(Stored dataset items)
####

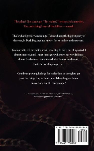 The plan? Get some air. The reality? I witnessed a murder. The only thing I saw of the killers-a couple of tattoos. That's what I get for wandering off alone during the biggest party of the year. In Dusk Bay. A place known for its violent undercurrent. Too scared to tell the police what I saw, I try to put it out of my mind. I almost succeed, until I meet three guys who turn my world upside down. By the time I see the mask that haunts my dreams, I'm in far too deep to get out. Could our growing feelings for each other be enough to get past the things they've done, or will they drag me down into a dark world I can't escape? **This is a reverse harem, mafia romance with mm and possessive alphaholes.**
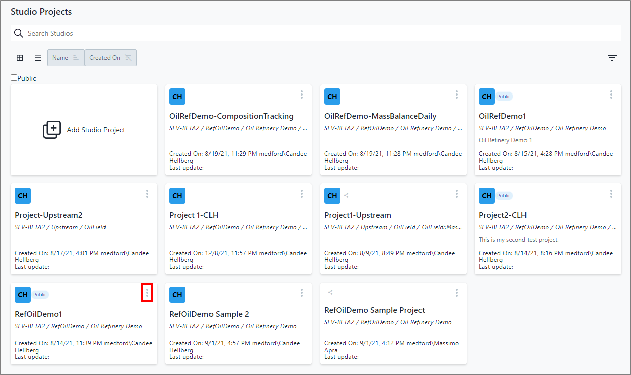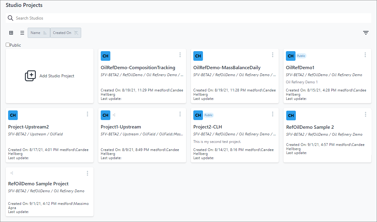 The project and all its content is removed from SFHub Studio, providing there are no other projects or SFHub entities that refer to it. In the image below, notice how the Project 1-CLH project is no longer listed, because that is the project we had chosen to delete in our example.
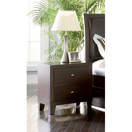 Complement your bed with the contemporary styling of this two drawer night stand Block feet in a modern taper shape form a sturdy yet stylish base while two storage drawers offer ample space for placing books and everyday items neatly out of sight The bedside table s smooth rectangular surface is ideal for placing lamps or frames and highlights the rich depth of the dark brown finish that wraps the entire piece Brushed nickel finish hardware crowns each drawer with a chic contemporary finish
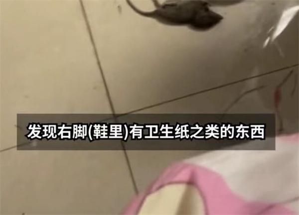 由于本身女子就穿著很厚的襪子,必須向前頂一下才可以將鞋子全部穿進去,所以就使勁往前頂,往前頂的時候才發現有些不對勁,因為衛生紙一頂體積就變小了,這次發現體積沒變小還軟軟的,所以這位女士將鞋子里的東西倒出來一看,嚇壞了,竟然是一只老鼠,還被頂死了,嚇壞了,女子表示本身腳上穿著非常厚的襪子,小老鼠又很小,腳上沒有太大的知覺,心驚之余,將這段視頻拍攝下來發布在了網絡上,引起了眾網友熱議。
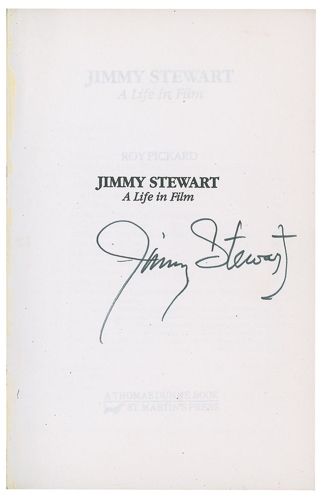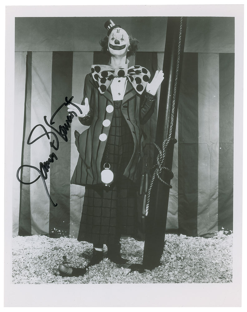 Two items: a glossy 8 x 10 photo of Stewart portraying a physician disguised as a clown because he is on the run from the police after euthanizing his wife in Cecil B. DeMille's 1952 circus spectacle The Greatest Show on Earth, signed in black felt tip, "James Stewart"; and a glossy pictorial advance reading copy of Roy Pickard's biography Jimmy Stewart: A Life in Film, signed on the half-title page in black felt tip, "Jimmy Stewart." In overall fine condition.
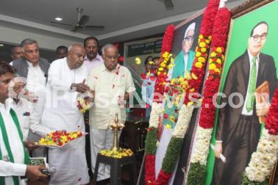 Photo Caption : JDS Surpemo HD Devegowda with JD S leaders PGR Sindhia and others offering floral tribute to portrait of Late Dr Babu Jagjivan Ram, former Deputy Prime Minister, to mark his 111th Birthday Celebrations at party office, in Bengaluru on Thursday 5th April 2018
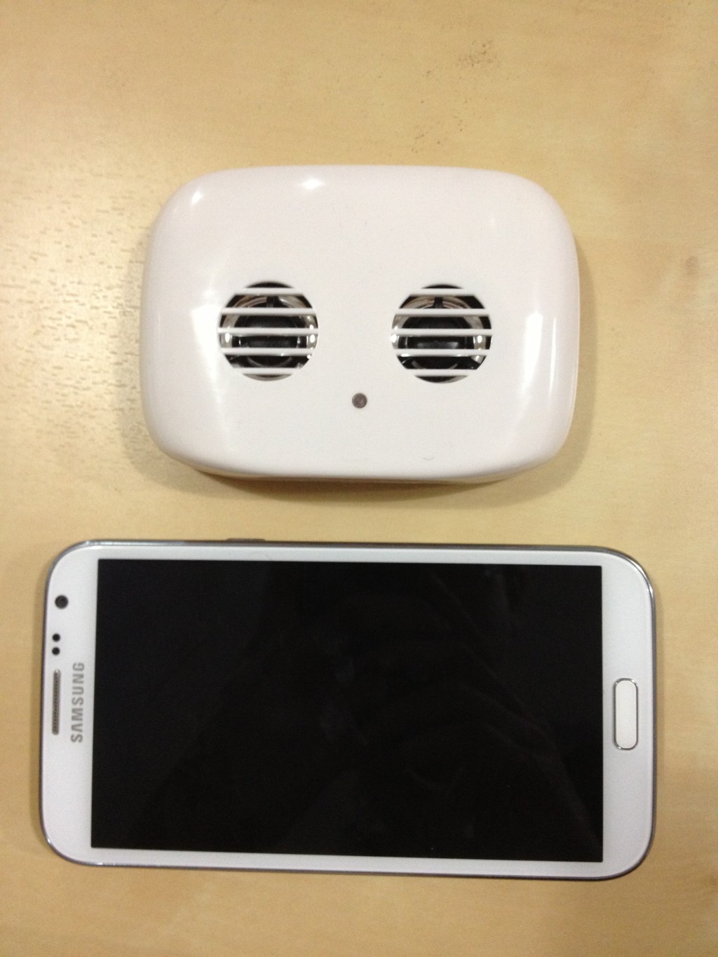 The white device here (pictured next to a phone for scale) is in the process of getting mounted on store walls in Singapore malls. When active, the device will emit an ultrasonic signal that an app can pick up, and will allow participating stores to broadcast deals and rewards to shoppers.
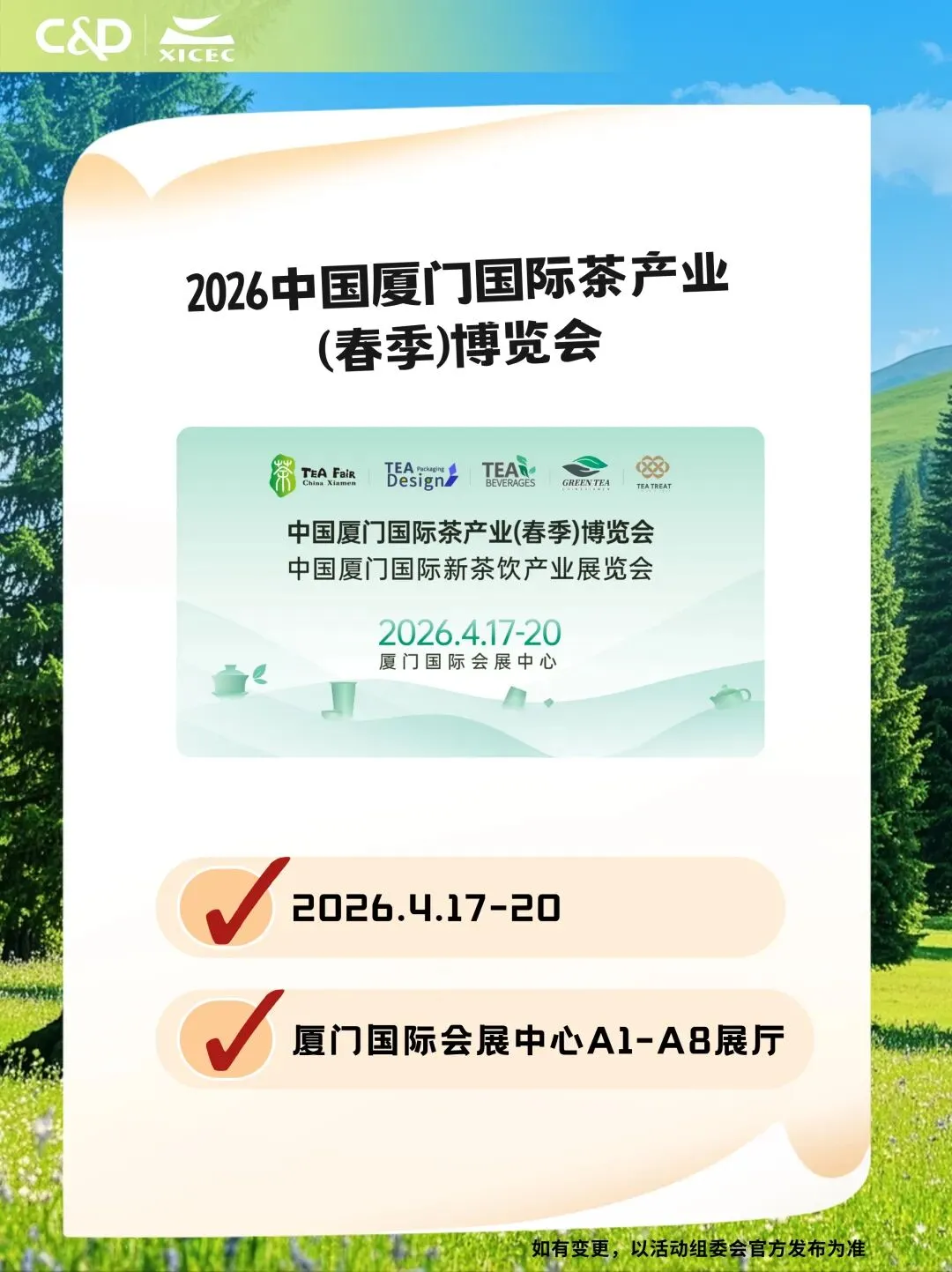 ? 2026中国厦门国际茶产业(春季)博览会⏰ 时间:2026.4.17-20? 地点:厦门国际会展中心A1-A8展厅
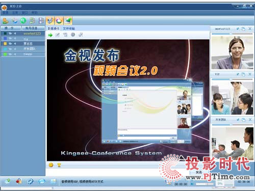 金視視頻會(huì)議系統(tǒng)(Kingsee Conference)是一款視頻會(huì)議+即時(shí)通訊(IM)的軟件,提供給用戶的是一個(gè)全面的、通用的多媒體通訊平臺(tái),用戶可以利用普通的PC機(jī)、標(biāo)準(zhǔn)的視頻采集設(shè)備、耳機(jī)和麥克風(fēng),實(shí)現(xiàn)基于Internet的虛擬會(huì)議,金視視頻會(huì)議(Kingsee Conference)可以提供多種級別的視頻會(huì)議解決方案,實(shí)現(xiàn)從桌面級到會(huì)議室級的不同應(yīng)用。與傳統(tǒng)的硬件視頻會(huì)議解決方案相比,用戶不需要投入昂貴的成本,就能夠?qū)崿F(xiàn)高質(zhì)量、高可靠性的音視頻通訊、協(xié)同工作、文檔共享、遠(yuǎn)程會(huì)議管理等多項(xiàng)功能,有效地節(jié)約時(shí)間和成本,并提高企業(yè)的工作效率。
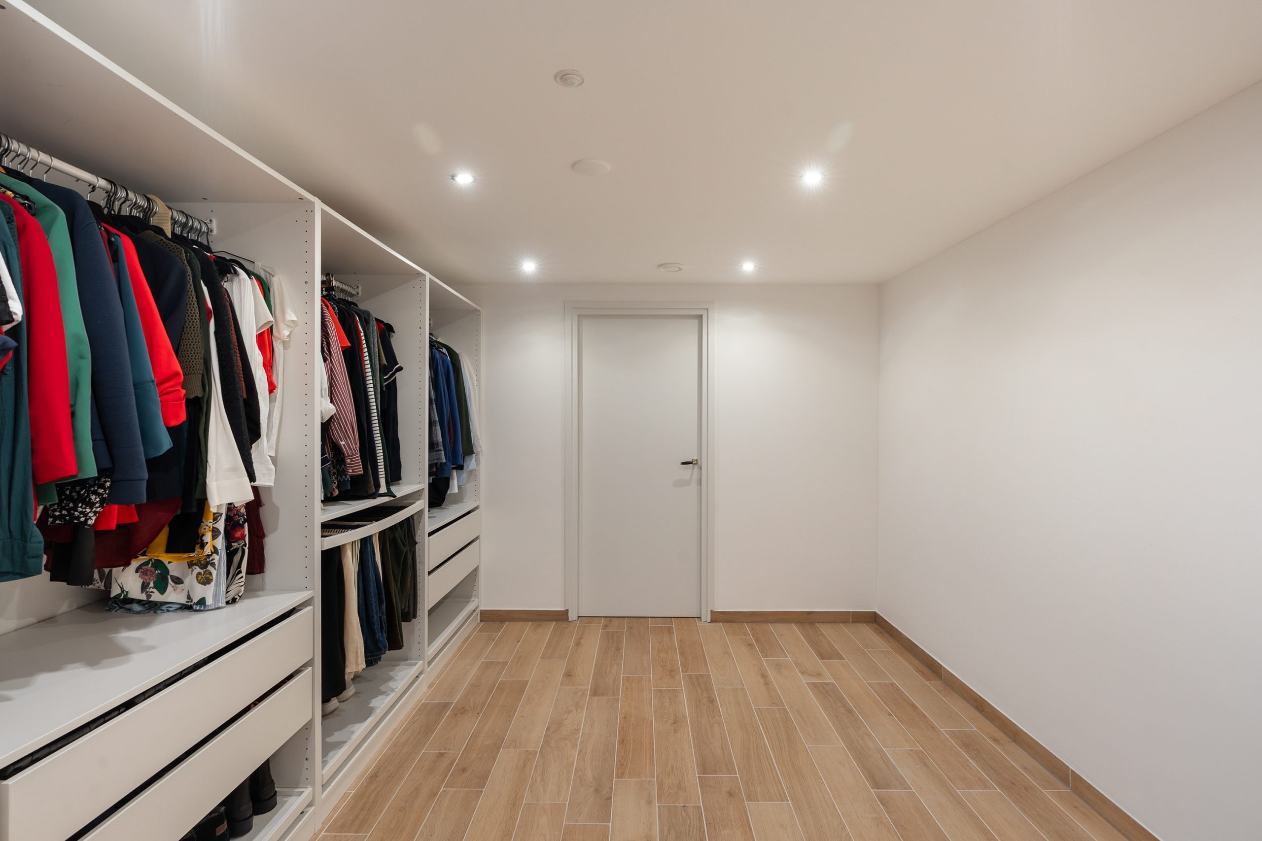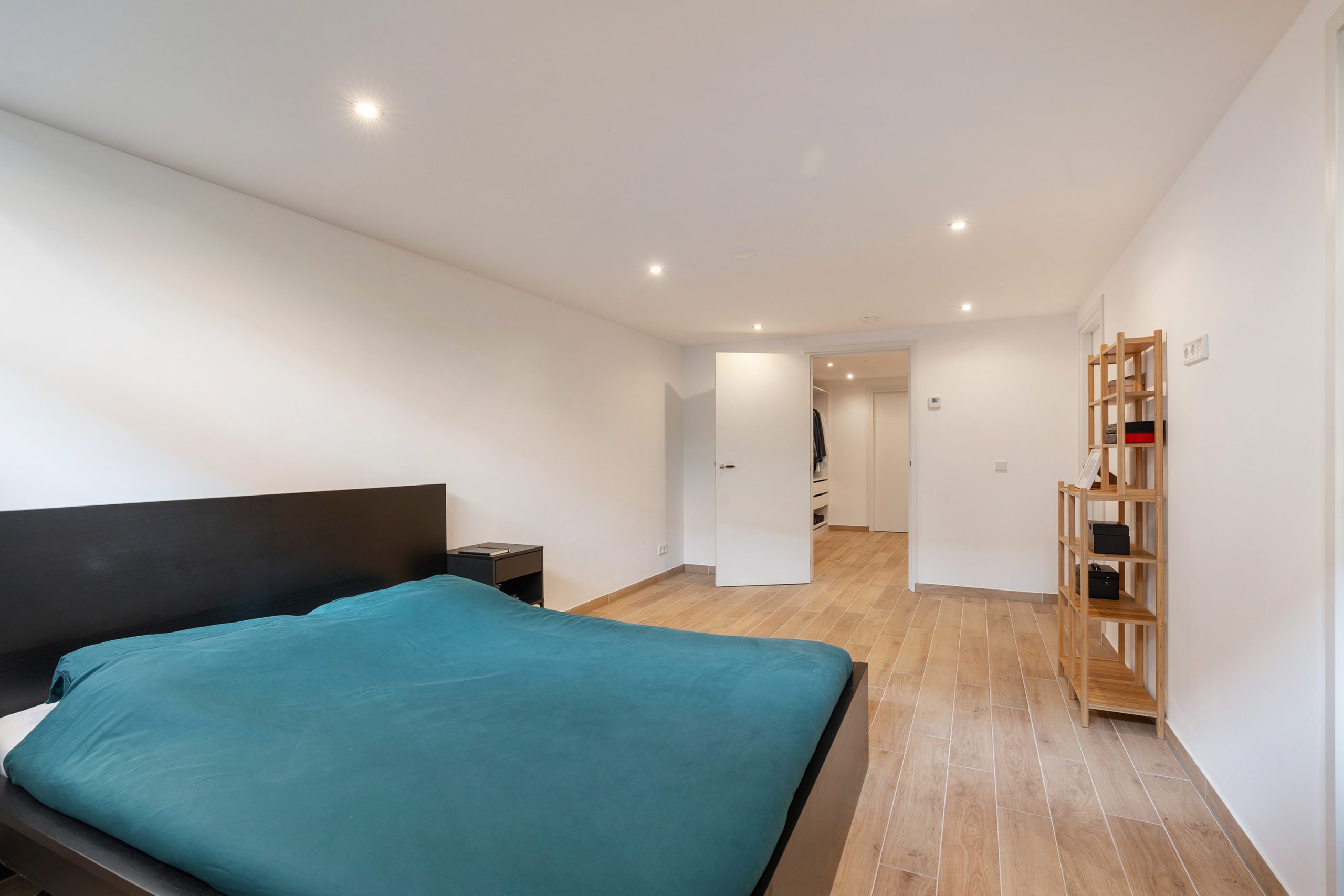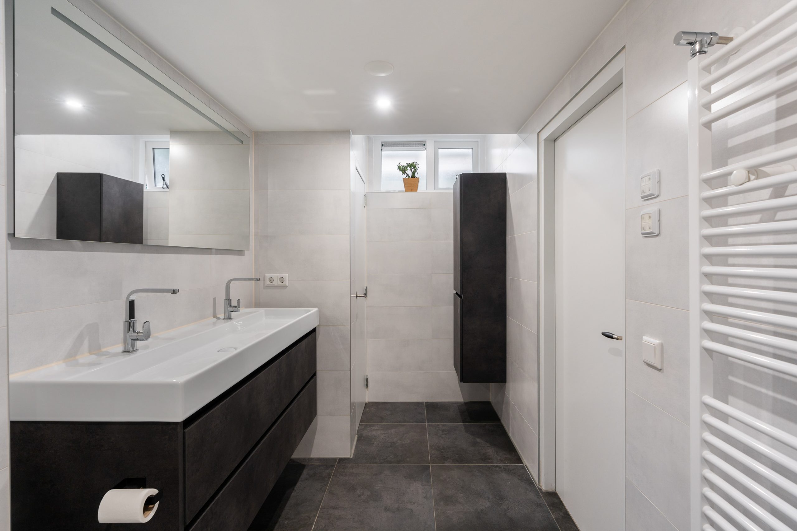 Aan de achterzijde van de woning ontdek je de royale hoofdslaapkamer, een oase van rust. Dé eyecatcher hier is de walk-in closet van ca. 12 m2. De droom van iedere kledingliefhebber! Vanuit de slaapkamer heb je direct toegang tot de luxe badkamer en suite, die van alle gemakken is voorzien: een dubbele wastafel, douchecabine met inbouwkraan en een toilet. Alles bij elkaar dé perfecte plek om fris en energiek je dag te beginnen. Terug in de hal vind je tot slot de aansluitingen voor wasmachine en droger, netjes en praktisch.
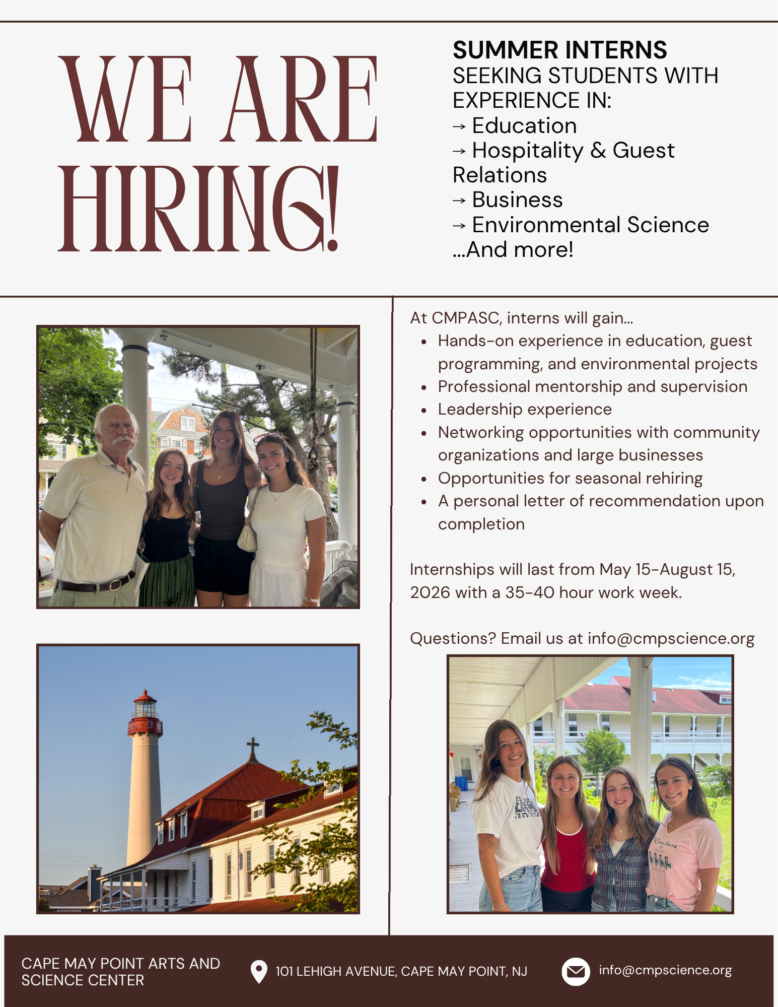 CMPASC is searching for interns for the Summer 2026 season! Submit your application now!
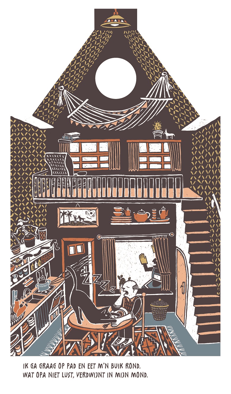 In dit verhaal is oma haar kat kwijt en gaat ze alle buren af om te zoeken. Floor tekende alle huizen van een straatje en maakte er een leporello-boekje van: “Kinderen krijgen dus niet alleen een boek, maar ook iets waarmee ze kunnen spelen, bijvoorbeeld als decor voor hun cavia.”

####

| What you will do |
Transcribe every record exactly and omit each image.

| Answer section |
 The plan? Get some air. The reality? I witnessed a murder. The only thing I saw of the killers-a couple of tattoos. That's what I get for wandering off alone during the biggest party of the year. In Dusk Bay. A place known for its violent undercurrent. Too scared to tell the police what I saw, I try to put it out of my mind. I almost succeed, until I meet three guys who turn my world upside down. By the time I see the mask that haunts my dreams, I'm in far too deep to get out. Could our growing feelings for each other be enough to get past the things they've done, or will they drag me down into a dark world I can't escape? **This is a reverse harem, mafia romance with mm and possessive alphaholes.**
 The project and all its content is removed from SFHub Studio, providing there are no other projects or SFHub entities that refer to it. In the image below, notice how the Project 1-CLH project is no longer listed, because that is the project we had chosen to delete in our example.
 Complement your bed with the contemporary styling of this two drawer night stand Block feet in a modern taper shape form a sturdy yet stylish base while two storage drawers offer ample space for placing books and everyday items neatly out of sight The bedside table s smooth rectangular surface is ideal for placing lamps or frames and highlights the rich depth of the dark brown finish that wraps the entire piece Brushed nickel finish hardware crowns each drawer with a chic contemporary finish
 由于本身女子就穿著很厚的襪子,必須向前頂一下才可以將鞋子全部穿進去,所以就使勁往前頂,往前頂的時候才發現有些不對勁,因為衛生紙一頂體積就變小了,這次發現體積沒變小還軟軟的,所以這位女士將鞋子里的東西倒出來一看,嚇壞了,竟然是一只老鼠,還被頂死了,嚇壞了,女子表示本身腳上穿著非常厚的襪子,小老鼠又很小,腳上沒有太大的知覺,心驚之余,將這段視頻拍攝下來發布在了網絡上,引起了眾網友熱議。
 Two items: a glossy 8 x 10 photo of Stewart portraying a physician disguised as a clown because he is on the run from the police after euthanizing his wife in Cecil B. DeMille's 1952 circus spectacle The Greatest Show on Earth, signed in black felt tip, "James Stewart"; and a glossy pictorial advance reading copy of Roy Pickard's biography Jimmy Stewart: A Life in Film, signed on the half-title page in black felt tip, "Jimmy Stewart." In overall fine condition.
 Photo Caption : JDS Surpemo HD Devegowda with JD S leaders PGR Sindhia and others offering floral tribute to portrait of Late Dr Babu Jagjivan Ram, former Deputy Prime Minister, to mark his 111th Birthday Celebrations at party office, in Bengaluru on Thursday 5th April 2018
 The white device here (pictured next to a phone for scale) is in the process of getting mounted on store walls in Singapore malls. When active, the device will emit an ultrasonic signal that an app can pick up, and will allow participating stores to broadcast deals and rewards to shoppers.
 ? 2026中国厦门国际茶产业(春季)博览会⏰ 时间:2026.4.17-20? 地点:厦门国际会展中心A1-A8展厅
 金視視頻會(huì)議系統(tǒng)(Kingsee Conference)是一款視頻會(huì)議+即時(shí)通訊(IM)的軟件,提供給用戶的是一個(gè)全面的、通用的多媒體通訊平臺(tái),用戶可以利用普通的PC機(jī)、標(biāo)準(zhǔn)的視頻采集設(shè)備、耳機(jī)和麥克風(fēng),實(shí)現(xiàn)基于Internet的虛擬會(huì)議,金視視頻會(huì)議(Kingsee Conference)可以提供多種級別的視頻會(huì)議解決方案,實(shí)現(xiàn)從桌面級到會(huì)議室級的不同應(yīng)用。與傳統(tǒng)的硬件視頻會(huì)議解決方案相比,用戶不需要投入昂貴的成本,就能夠?qū)崿F(xiàn)高質(zhì)量、高可靠性的音視頻通訊、協(xié)同工作、文檔共享、遠(yuǎn)程會(huì)議管理等多項(xiàng)功能,有效地節(jié)約時(shí)間和成本,并提高企業(yè)的工作效率。
 Aan de achterzijde van de woning ontdek je de royale hoofdslaapkamer, een oase van rust. Dé eyecatcher hier is de walk-in closet van ca. 12 m2. De droom van iedere kledingliefhebber! Vanuit de slaapkamer heb je direct toegang tot de luxe badkamer en suite, die van alle gemakken is voorzien: een dubbele wastafel, douchecabine met inbouwkraan en een toilet. Alles bij elkaar dé perfecte plek om fris en energiek je dag te beginnen. Terug in de hal vind je tot slot de aansluitingen voor wasmachine en droger, netjes en praktisch.
 CMPASC is searching for interns for the Summer 2026 season! Submit your application now!
 In dit verhaal is oma haar kat kwijt en gaat ze alle buren af om te zoeken. Floor tekende alle huizen van een straatje en maakte er een leporello-boekje van: “Kinderen krijgen dus niet alleen een boek, maar ook iets waarmee ze kunnen spelen, bijvoorbeeld als decor voor hun cavia.”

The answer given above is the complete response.